As Magnetic Resonance Imaging devices are becoming more and more powerful, resolutions as small as 10 μm can now be obtained. But, this is only possible when systems with slow transverse relaxation rates, like living tissues, are investigated. In this case, the time available for gradients space-encoding is long, and high k values can be reached in the Fourier domain. However, numerous materials have fast relaxation rates, thus limiting the spatial resolution to a few hundreds of microns. The Stray Field Imaging technique has solved this problem by using a very high (typically 5000 G/cm) static gradient. Consequently, the trajectory in k space is accelerated and it is possible, in principle, to reach a micrometer resolution in a few hundreds of microseconds. Most of the time, however, only resolutions in the millimeter range can be achieved due to mispositioning of the sample within the static magnetic field.
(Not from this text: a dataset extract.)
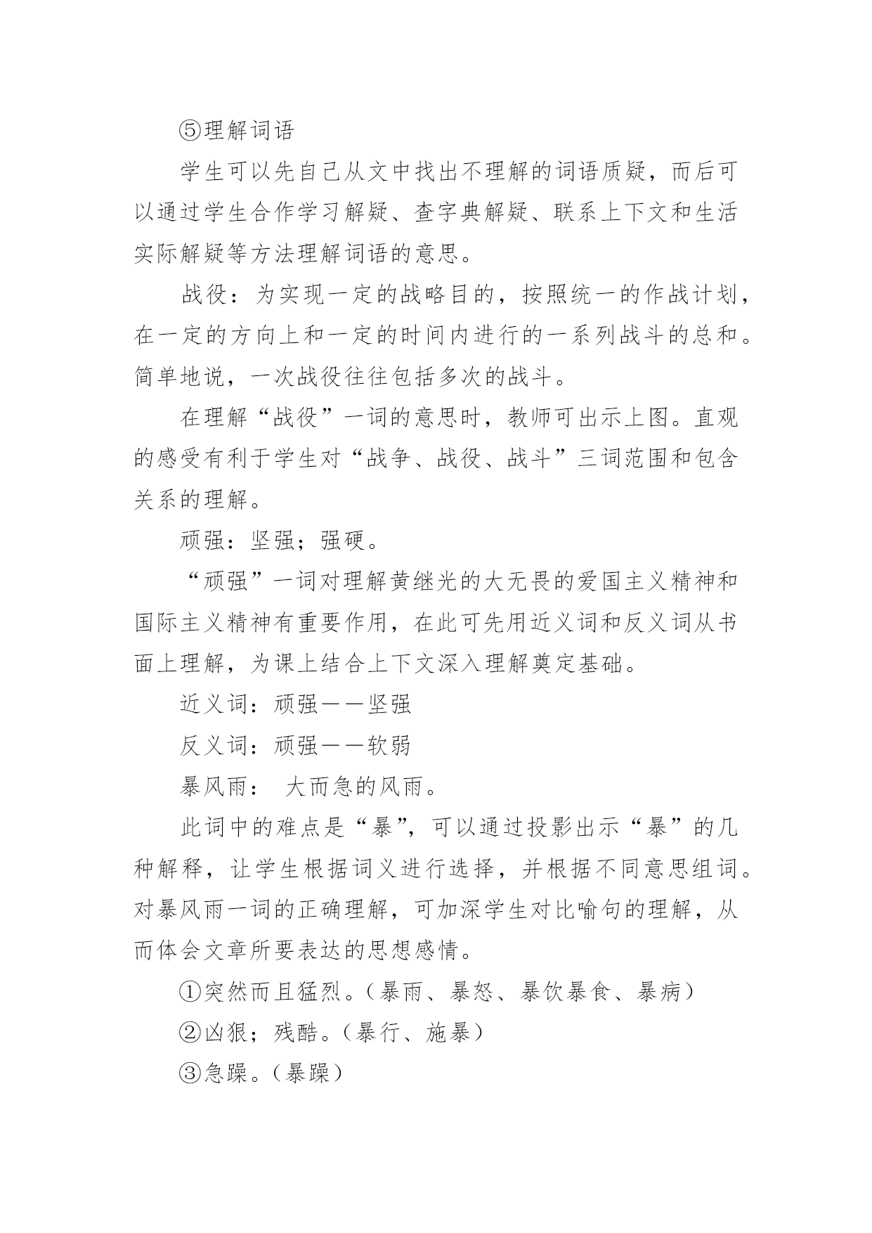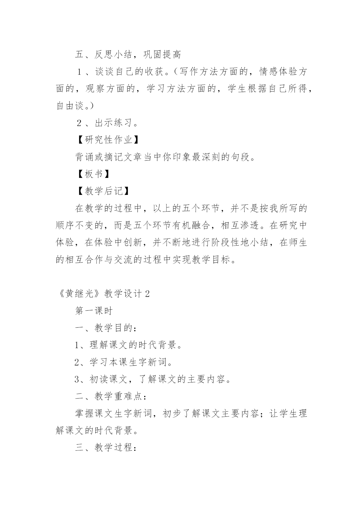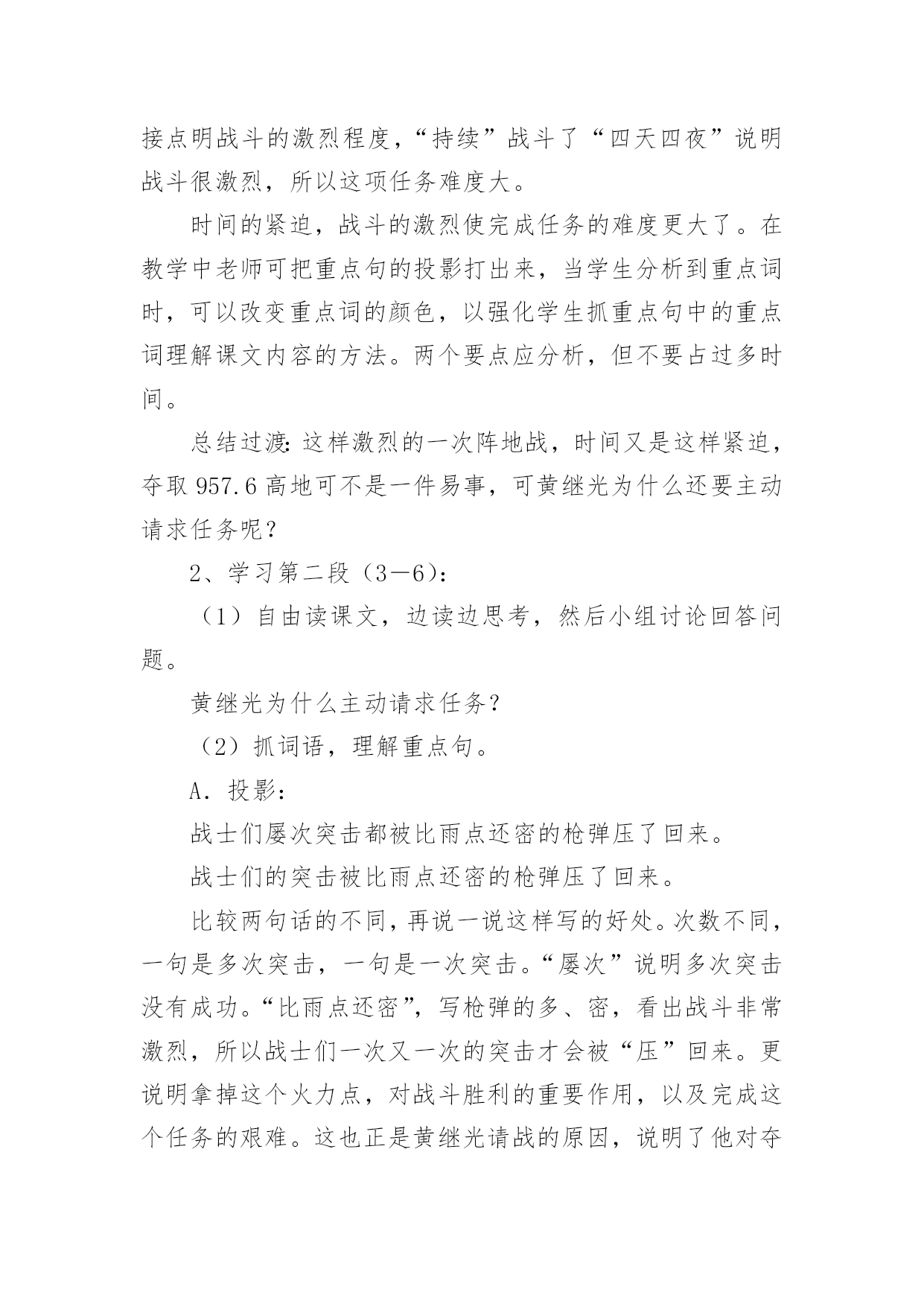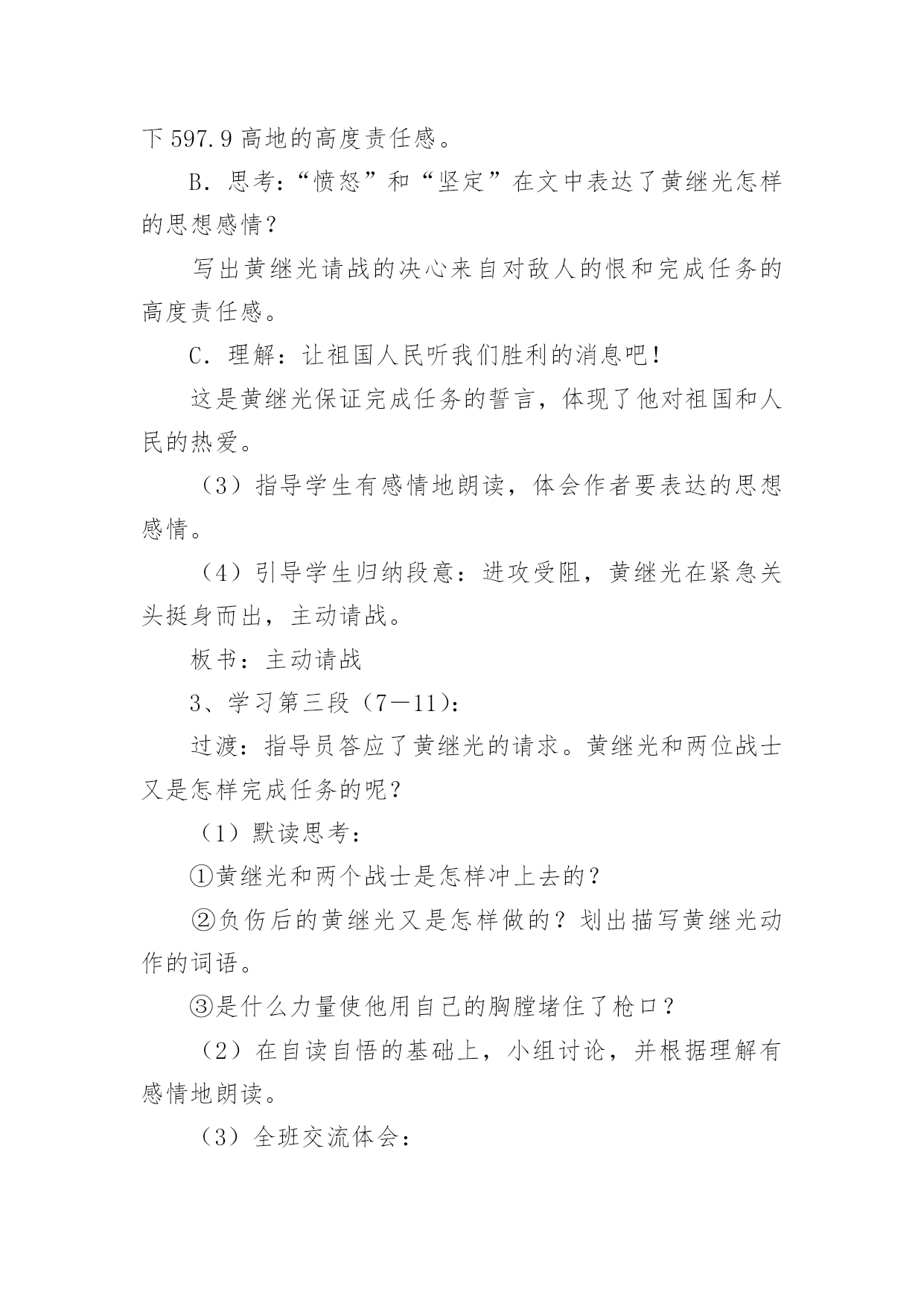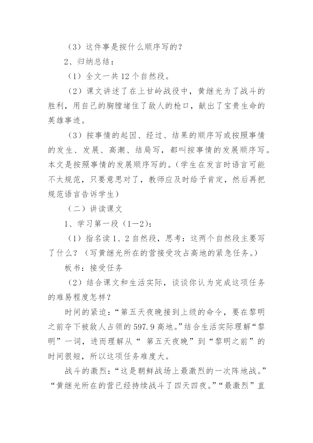 《黄继光》教学设计作为一名教师,通常需要用到教学设计来辅助教学,借助教学设计可以提高教学效率和教学质量。那么优秀的教学设计是什么样的呢?以下是小编帮大家整理的《黄继光》教学设计,欢迎大家借鉴与参考,希望对大家有所帮助。《黄继光》教学设计1【学习目标】1、知识目标:学会本课的生字,并且联系课文理解词语。2、能力目标:⑴培养理解能力、表达能力;⑵运用一边读一边想的方法理解课文内容。3、德育目标:学习黄继光为了战斗的胜利而英勇献身的大无畏精神,使学生受到爱国主义和国际主义教育。4、创新目标:结合课文内容和画面想象当时的场景,培养丰富的想象能力。【学情分析】1、教材分析:这篇课文讲的是在抗美援朝战斗中,中国人民志愿军战士黄继光为了上甘岭战役的胜利壮烈牺牲的故事,表现了黄继光伟大的爱国主义和国际主义精神。2、学生分析:四年级的学生初次接触一边读一边想的`读书方法,在教学中要使学生明白怎样才能做到边读边想。本单元共四课,在第一篇课文中进行尝试对学生来讲会有一定的难度。3、确定五点:重点:学习运用一边读一边想的方法,理解课文中描写黄继光顽强战斗壮烈牺牲的部分,学习英雄的优秀品质。难点:引导学生抓住战斗的经过理解课文内容,练习给文章分段。创新点:抓住重点段,通过记叙的重点语句,想象战斗的场面和英雄行为。德育点:通过课文第三段的学习使学生体会英雄为了战斗的胜利而英勇献身的大无畏精神,使学生受到爱国主义和国际主义教育。空白点:⑴搜集关于上甘岭战役,关于黄继光的资料。⑵体会英雄品质时,为学生创造性理解留下空白点。⑶理解课文内容时,为学生创造性想象留下空白点。【学具选择】挂图,电脑。【主要技术】留空白、加深体验、激励创新等技术。【教学过程中的五环节设计】一、导引目标,激发兴趣教师背诵11自然段让学生感受英雄壮举的同时激发学生兴趣,导出课题。学生质疑:看到了课题你想到了什么?你想知道什么?二、创设条件,自主参与自由读课文,说出你知道了什么,交流读后的感受。提出你的疑问,发表你的见解。(给学生自由的空间,让学生自己提问自己找伙伴进行交流合作,放手给学生自读,自悟,自感。)学生在自由读、说、讲、辩过程中,放飞思想,让他们自由地发表见解。释放自己的情感。在这个过程中,体现生生合作,师生合作,研究体验。学生可自由选择内容和形式。三、组织研究,体验发现1、小组学习,交流自己读文的收获。2、快速浏览全文,找出给你印象深刻的语段,放声读一读。(对于文章的第三段着重让学生通过词语理解和感情朗读体会英雄壮举,引导学生一边朗读,一边想象当时的情景。理解英雄为了战斗的胜利而英勇献身的大无畏精神,使学生受到爱国主义和国际主义教育,并且与作者产生情感的共鸣。)四、引导创新,应用实践学习第三段时,看图听朗诵,想象当时的战斗场景及黄继光的牺牲的详细经过。从而感受英雄牺牲的伟大意义。假如你面对着黄继光的墓碑,你最想说的一句话是什么?学生想象不同的结果,表达自己的想法。五、反思小结,巩固提高1、谈谈自己的收获。(写作方法方面的,情感体验方面的,观察方面的,学习方法方面的,学生根据自己所得,自由谈。)2、出示练习。【研究性作业】背诵或摘记文章当中你印象最深刻的句段。【板书】【教学后记】在教学的过程中,以上的五个环节,并不是按我所写的顺序不变的,而是五个环节有机融合,相互渗透。在研究中体验,在体验中创新,并不断地进行阶段性地小结,在师生的相互合作与交流的过程中实现教学目标。《黄继光》教学设计2第一课时一、教学目的:1、理解课文的时代背景。2、学习本课生字新词。3、初读课文,了解课文的主要内容。二、教学重难点:掌握课文生字新词,初步了解课文主要内容;让学生理解课文的时代背景。三、教学过程:(一)谈话导入“同学们,从古至今我国历史上的英雄人物不胜枚举。你最敬佩哪位英雄人物?简单介绍一下他的英雄事迹。”总结归纳:“他们把自己的生死置之度外,为祖国、为人民做出了巨大的贡献。黄继光就是这些英雄人物中的一位,在抗美援朝战场上,他为了战斗的胜利,献出了宝贵的生命,充分表现了志愿军战士大无畏的英雄气概和爱国主义、国际主义的精神。”人物介绍:“黄继光1930年出生在四川省江中县一个农民的家庭里,小时候给地主当长工,受尽了地主的残酷剥削和压迫。1950年黄继光参加了民兵,第二年参加中国人民志愿军。1952年加入中国新民主主义青年团,同年10月20日在朝鲜上甘岭战役中壮烈牺牲。”学生交流上甘岭战役资料:(课前搜集资料)(二)学习新知1、学习生字词:要求:读准字音;认清字形(一类生字要求会写);理解字义。(1)学生自己初读课文,自学生字。(2)课堂反馈自学情况。①指名读生字:④分析字形结构,记忆生字。展示“暴”字的多媒体课件,重点是靠下部分笔顺是:竖钩、点、提、撇、点,不是“水”。⑤理解词语学生可以先自己从文

Here, we show that by finely mapping the magnetic field and precisely positioning the sample, it is possible with a standard spectrometer to reach a micrometer resolution even on very fast relaxing materials.
Following theoretical analysis of the optimum position of the STRAFI plane, a fine mapping of the magnetic field of a superconducting magnet and a proper alignment of the sample against the field led to profiles with a resolution better than 5 μm. This opens the field of high resolution imaging of materials with short relaxation times.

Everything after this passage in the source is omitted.